The following issues were resolved during this release. The details of these issues can be found in the CONNECT Issue Tracker.
The following are notifications and updates related to the release.
Red Hat no longer produces/updates JBoss-Metro. (JBoss-Metro is the customization of Metro that can be installed on JBoss). In order to support NwHIN Specification Compliance including SAML 2.0, we upgraded Metro to 2.1. Without Metro 2.1 support, JBoss is not able to support the Summer 2011 version of the specifications, and this impacts our ability to run CONNECT 3.3 on this platform, since CONNECT 3.3 implements the Summer 2011 specs that rely on functionality in Metro 2.1 to support SAML 2.0. CONNECT adopters who use JBoss in their stacks should be aware that CONNECT 3.3 will no longer run on JBoss. We encourage those who are committed to JBoss to contribute workaround ideas and solutions.

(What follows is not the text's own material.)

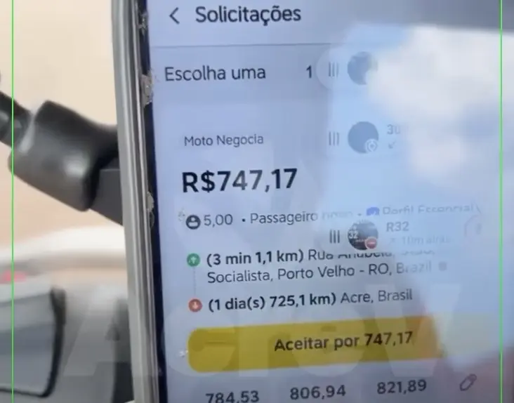 Um motoboy de Porto Velho (RO) ganhou destaque nas redes sociais após compartilhar um vídeo mostrando uma corrida inusitada recebida pelo aplicativo 99: um trajeto de 725 quilômetros até o Acre, avaliado em R$ 747,17.

CONNECT 3.3 supports SOAP 1.2. The mustUnderstand attribute values for Action and Reply to elements are now set to 'true' in the SOAP header in outbound messages. (SOAP 1.2 says that 'true' or '1' can be used, and 'true' is preferred.)

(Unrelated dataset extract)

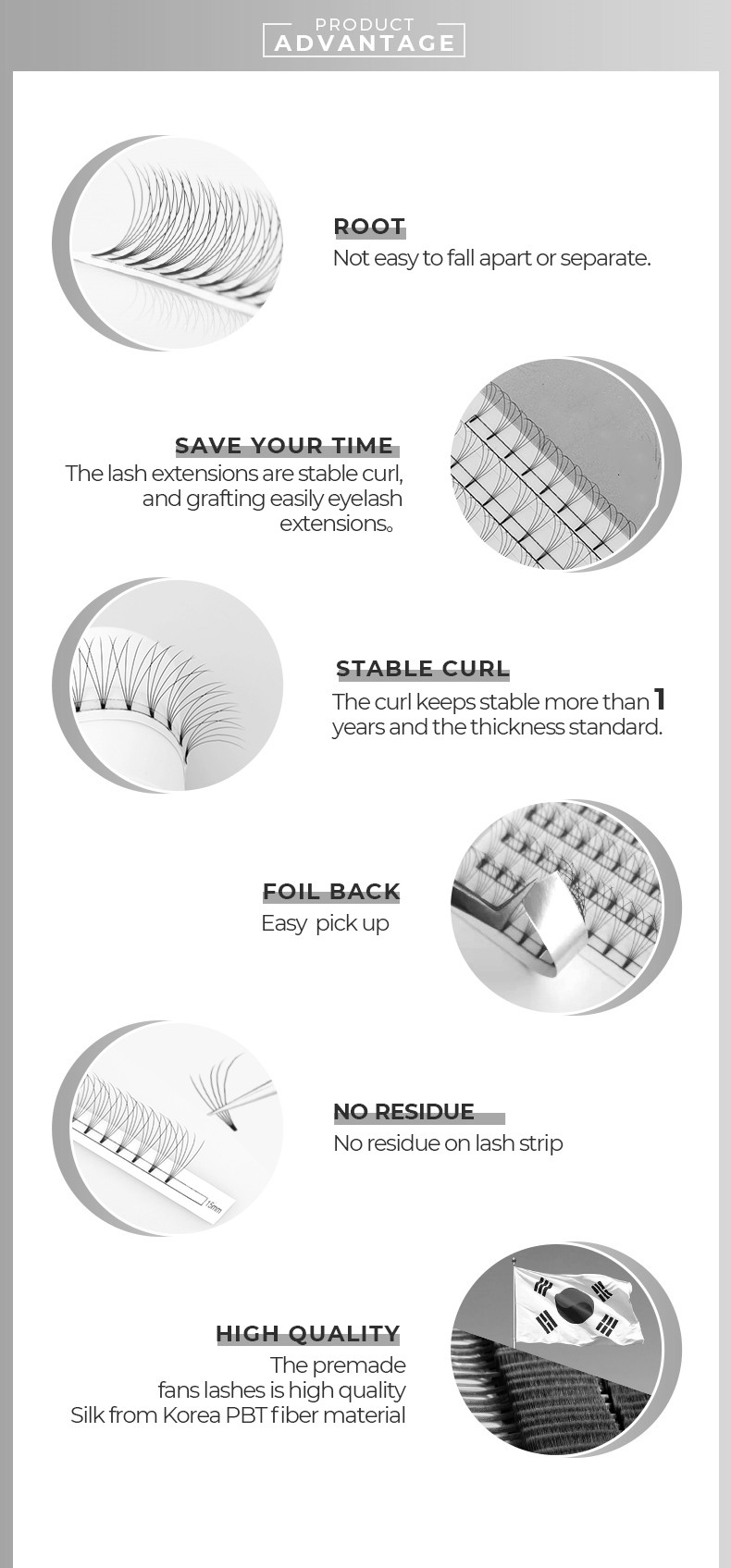 All lash extensions are made from high-quality PBT material, featuring a soft, matte texture that feels comfortable on the eyes. Various lengths are available, and mixed packages allow for flexible customization according to client needs.

On the receiving side, Metro takes care of the mustUnderstand interpretation and CONNECT handles both values of '1' or 'true'.
From the Summer 2011 NwHIN Authorization Framework specification, in addition to a single required holder-of-key subject confirmation method, other SAML 2.0 subject confirmation methods MAY be used.

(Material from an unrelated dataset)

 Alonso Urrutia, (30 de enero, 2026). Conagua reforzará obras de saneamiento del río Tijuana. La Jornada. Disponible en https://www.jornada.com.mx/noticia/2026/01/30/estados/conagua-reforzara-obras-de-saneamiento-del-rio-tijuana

The NwHIN Initiating Gateway MAY supply more than one subject confirmation method, and those methods MAY include additional holder-of-key subject confirmation methods, and they MAY include one or more "sender-vouches" subject confirmation methods, and they MAY include one or more "bearer" subject confirmation methods. The use of more than a single holder-of-key subject confirmation method is not defined in this specification, but should be defined by higher-level profiles, specifications, or private business agreements between the NwHIN Initiating Gateway and the NwHIN Responding Gateway.
CONNECT will ignore non-essential subject confirmation methods in the SAML 2.0 assertion is acceptable until a use case/profile requires multiple subject confirmations.
From the Summer 2011 NwHIN Authorization Framework specification SAML 2.0 allows for support to use different certificates for 2-way SSL and message level security. The use of different certificates is not defined in this specification and should be defined by higher-level profiles. CONNECT will not support the use of different certificates for 2-way SSL and message level security until a use case/profile requires multiple subject confirmations.
Currently CONNECT doesn’t support asynchronous messaging. The NwHIN Specifications Query for Documents and Retrieve Documents refer to the need to support asynchronous transactions; however, the current versions of these specifications do not provide detailed direction required to implement these capabilities. The guidance we received from the NwHIN Specification Factory is that at a minimum, CONNECT needs to gracefully respond to these transactions. As a result, CONNECT 3.3 will reply with an unknown sender error message in response to an asynchronous message.